Prosperity Gospel Prayers Aren’t Sufficient to Save Hurricane Victims

Nato Contreras boards the windows of a kindergarten during a mandatory evacuation for residents as Hurricane Dorian made it's way to Cape Hatteras in North Carolina on September 4, 2019. Image credit: JOSE LUIS MAGANA/AFP/Getty Images

In between advertising her own books and promoting her rock star husband’s albums, Trump’s Prosperity Gospel confidant, Paula White-Cain, took a moment to acknowledge those affected by Hurricane Dorian.

White-Cain tweeted a link to the evangelical pastor Greg Laurie’s Fox News article defending “prayer” as a legitimate response to mass shootings and hurricanes.
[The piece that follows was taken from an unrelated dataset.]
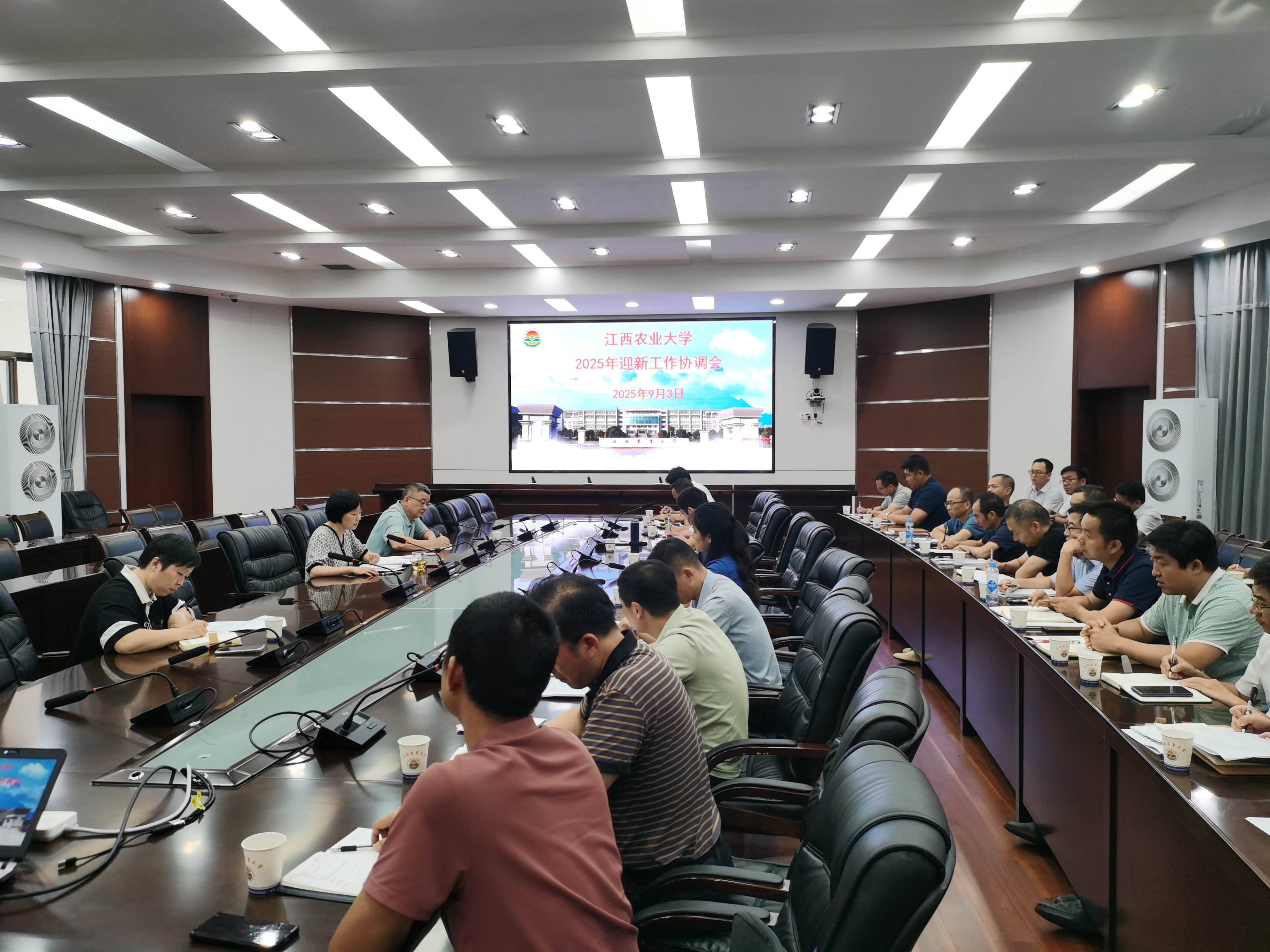 9月3日下午,华体会平台(中国)在校办二楼圆形会议室召开2025年迎新工作协调会。校党委副书记周敏丹出席并讲话,相关职能部门负责人、各学院党政主要负责人及分管学生工作负责人参加会议。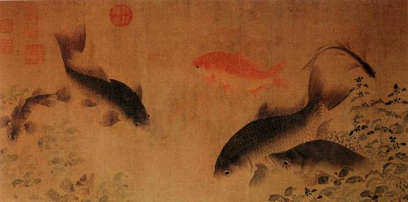 《落花游鱼图》:这是一件非常好的花鸟作品,画中的鱼栩栩如生。作品先画盛开的杏花,伸向水面,向后展开,落花引来群鱼争食,或聚或散,或潜游,或上浮,或回泳,翻藻戏蒲,以示水中的畅泳自然之态。其画法全用渲染,间或用没骨法,不见钩勒,活泼生动。这种表现方法和诗情画意,独创一格,多为后人所仿效。

White-Cain agreed with Laurie that “Prayer makes a powerful difference.” This is surprising because Laurie has criticized Prosperity Gospel preachers like White-Cain for glorifying the human will more than the divine will and prayer can often be a point of contention in these debates. Both evangelicals like Laurie and Prosperity Gospel adherents recognize synergism between free will and divine providence in determining human actions (they wouldn’t be able to chide the poor for being lazy if not!), but they differ in their emphases.

Whereas Laurie stresses “the power of the one we are praying to,” White-Cain stresses the power of the one who is praying. This is a subtle theological distinction that enables Prosperity Gospel preachers to insist that believers should bootstrap their way to physical and financial prosperity. Shortly after tweeting out Laurie’s article, White-Cain used a Prosperity Gospel keyword, “favor”: “I pray open doors that no man can shut, favor, promotion, divine opportunities and connections for you to fulfill the purpose of God in the name of Jesus!”

 

White explains in her book Birthing Your Dreams that “favor” is the feeling that God “is making a way for you.” But you need to act on this way.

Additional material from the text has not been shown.